Matthew Shaver, a San Diego senior mortgage consultant with Finance of America, said the changes in rates have happened so quickly he doubts buyers could keep up.

“Rates changed so quickly that people don’t know,” he said. “They don’t get daily reports. Media will get reports at the end of a week that says rates are at an all-time low. But, two days later they have actually gone up 1 percent.”

Shaver says he is processing 33 loans at the moment but only five are for purchases and the rest are for refinances. He said he didn’t notice any change in purchase applications in the past few weeks as rates changed.

A report released March 26 by LendingTree said San Diego had the eighth largest jump in refinances in the nation out of the 50 largest cities.

The San Diego metropolitan area saw a 360 percent annual increase in refinance applications in the week ending March 5.

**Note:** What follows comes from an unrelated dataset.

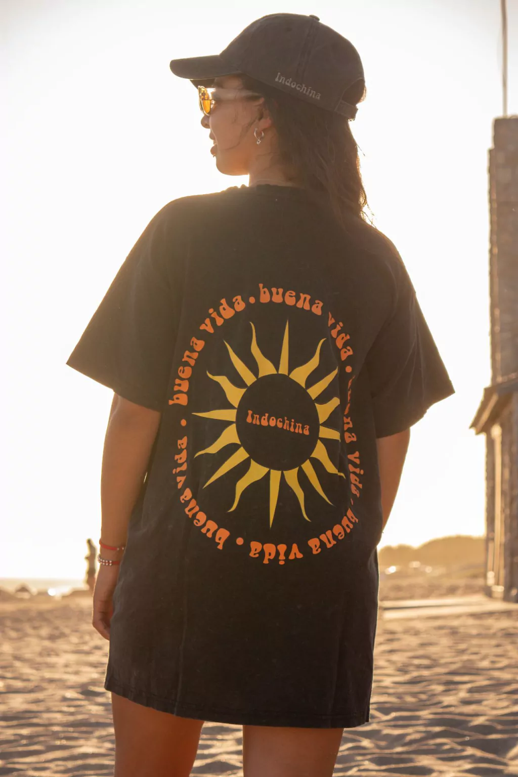 El diseño es de la nueva colección en la espalda el SOL BUENA VIDA en color naranja y amarillo. En la parte delantera posee el Sol con Indochina en color amarillo.

The Federal Reserve has said it plans to buy unlimited amounts of mortgage bonds, which is expected to calm some investor fears.

Mark Goldman, a San Diego real estate analyst and loan officer with C2 Financial Group, said closing a loan can be stressful for a lender in today’s environment.

He said lenders must verify employment, but if the person is laid off after locking in a new loan, it gets canceled. Also, he said a lot of times a borrower can be counting on rental income but that can go away quickly with possible tenants losing work.

Goldman said another concern is that mortgage servicers, companies that collect monthly mortgage payments, still have to pay investors even if borrowers are granted forbearance on loans. The Mortgage Bankers Association has written a letter, according to CNBC, to the Federal Reserve chairman requesting relief for servicers who could go bankrupt if too many Americans aren’t making payments.